■ Your goal ■
Pictures in the entries below are excluded; copy only the lines from the one containing "بعدها ردد الخريجون" to the one containing "- NOTIZIE STORICO", both included.

■ Data for processing ■
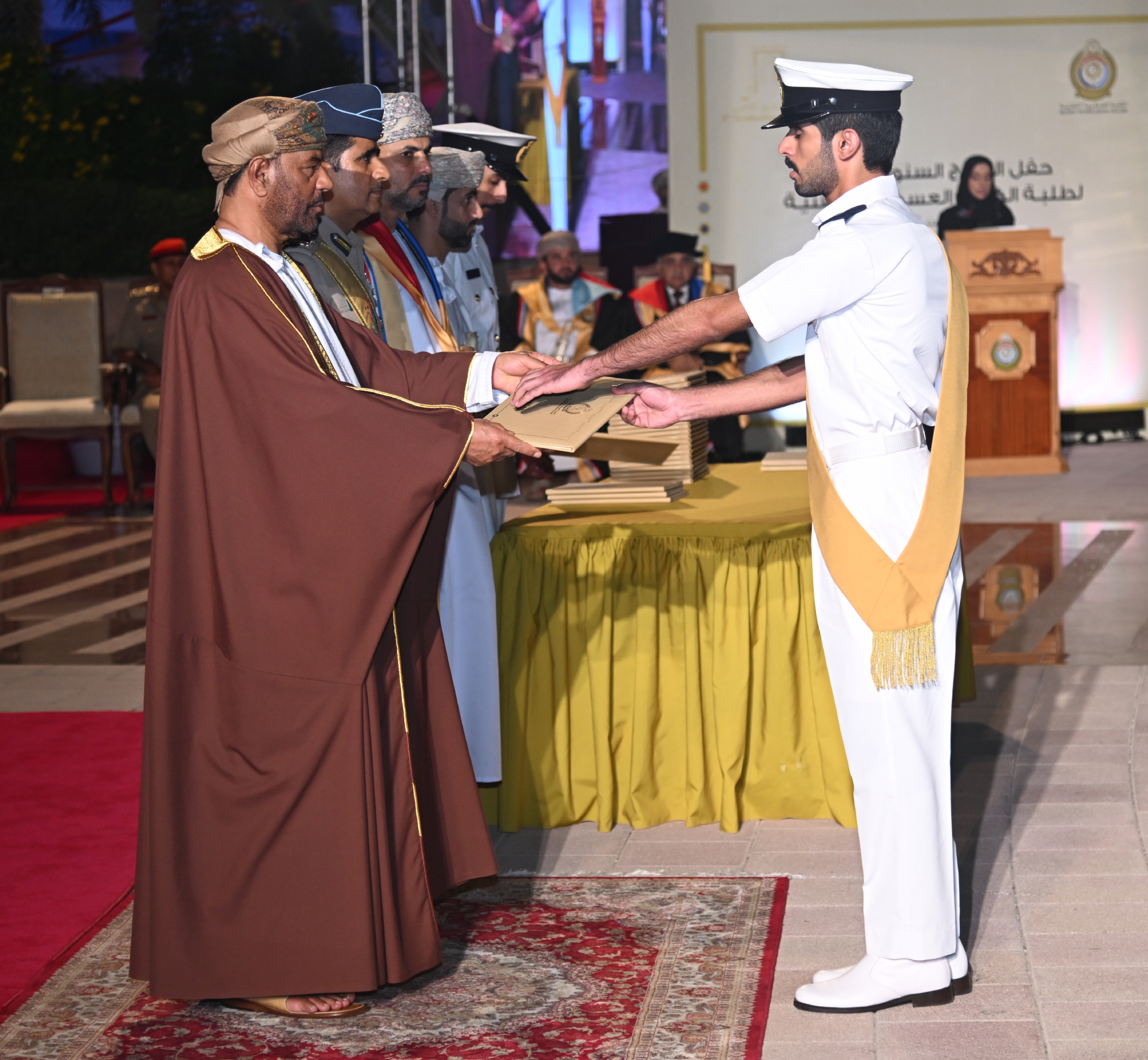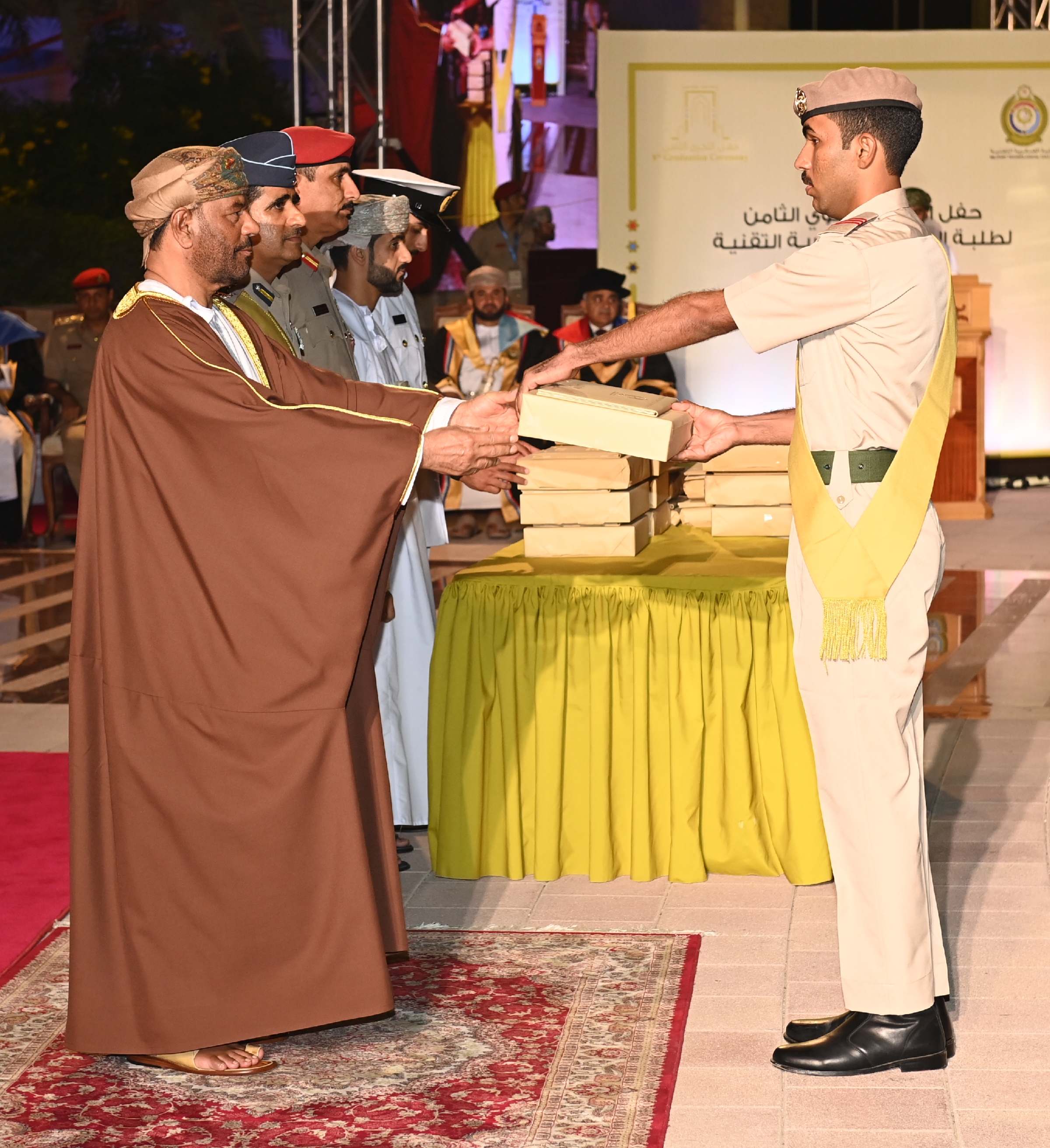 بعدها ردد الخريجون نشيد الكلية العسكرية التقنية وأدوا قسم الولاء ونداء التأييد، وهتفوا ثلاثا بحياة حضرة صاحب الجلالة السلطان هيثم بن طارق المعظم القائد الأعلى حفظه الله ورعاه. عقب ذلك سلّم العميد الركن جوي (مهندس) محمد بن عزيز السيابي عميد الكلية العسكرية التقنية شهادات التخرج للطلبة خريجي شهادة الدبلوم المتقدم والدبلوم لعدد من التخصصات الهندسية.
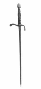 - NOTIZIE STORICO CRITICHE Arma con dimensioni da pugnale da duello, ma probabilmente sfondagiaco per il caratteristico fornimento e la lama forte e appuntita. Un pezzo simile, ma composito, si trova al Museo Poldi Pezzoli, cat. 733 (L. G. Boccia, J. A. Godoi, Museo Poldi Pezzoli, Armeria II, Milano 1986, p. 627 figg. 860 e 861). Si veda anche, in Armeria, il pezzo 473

...

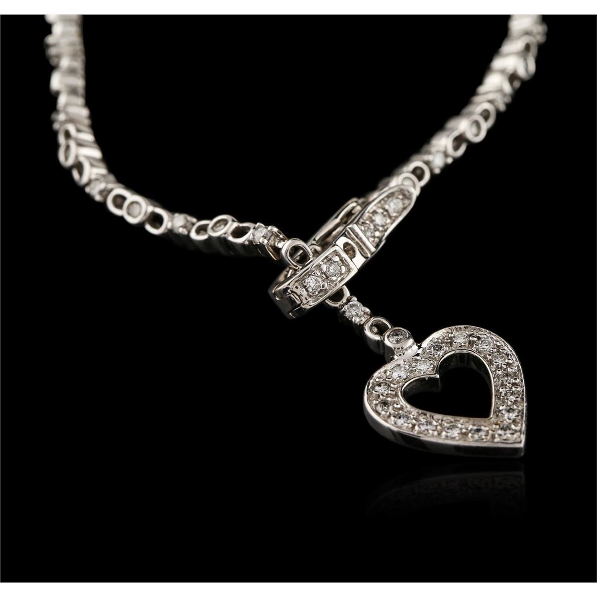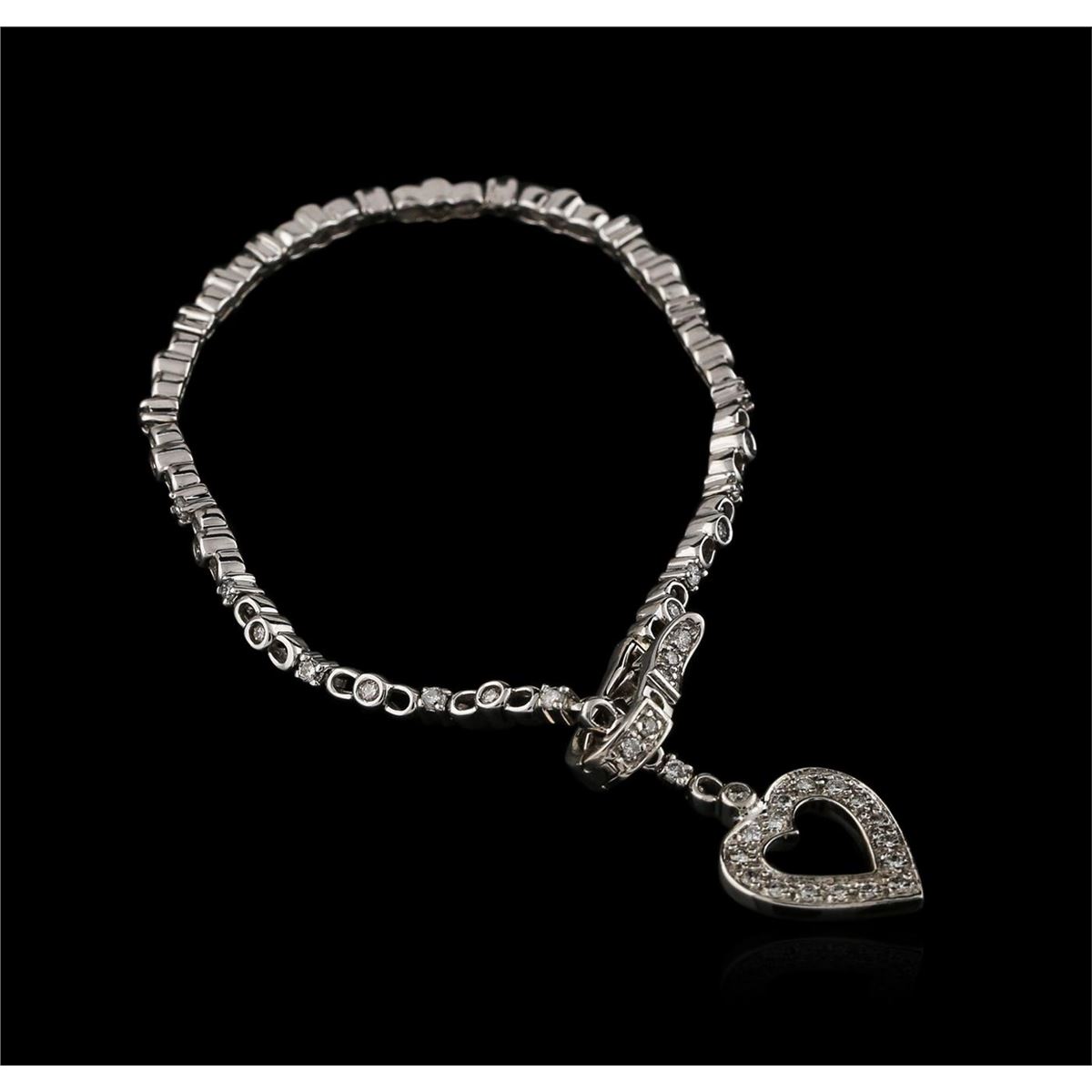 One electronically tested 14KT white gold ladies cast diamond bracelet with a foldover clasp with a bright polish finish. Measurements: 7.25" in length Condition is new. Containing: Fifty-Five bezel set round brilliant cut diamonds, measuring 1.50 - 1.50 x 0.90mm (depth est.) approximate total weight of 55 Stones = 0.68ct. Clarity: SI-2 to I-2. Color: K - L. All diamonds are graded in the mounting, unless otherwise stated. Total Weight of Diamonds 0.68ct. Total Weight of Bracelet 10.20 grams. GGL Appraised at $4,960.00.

■ Your solution ■
 بعدها ردد الخريجون نشيد الكلية العسكرية التقنية وأدوا قسم الولاء ونداء التأييد، وهتفوا ثلاثا بحياة حضرة صاحب الجلالة السلطان هيثم بن طارق المعظم القائد الأعلى حفظه الله ورعاه. عقب ذلك سلّم العميد الركن جوي (مهندس) محمد بن عزيز السيابي عميد الكلية العسكرية التقنية شهادات التخرج للطلبة خريجي شهادة الدبلوم المتقدم والدبلوم لعدد من التخصصات الهندسية.
 - NOTIZIE STORICO CRITICHE Arma con dimensioni da pugnale da duello, ma probabilmente sfondagiaco per il caratteristico fornimento e la lama forte e appuntita. Un pezzo simile, ma composito, si trova al Museo Poldi Pezzoli, cat. 733 (L. G. Boccia, J. A. Godoi, Museo Poldi Pezzoli, Armeria II, Milano 1986, p. 627 figg. 860 e 861). Si veda anche, in Armeria, il pezzo 473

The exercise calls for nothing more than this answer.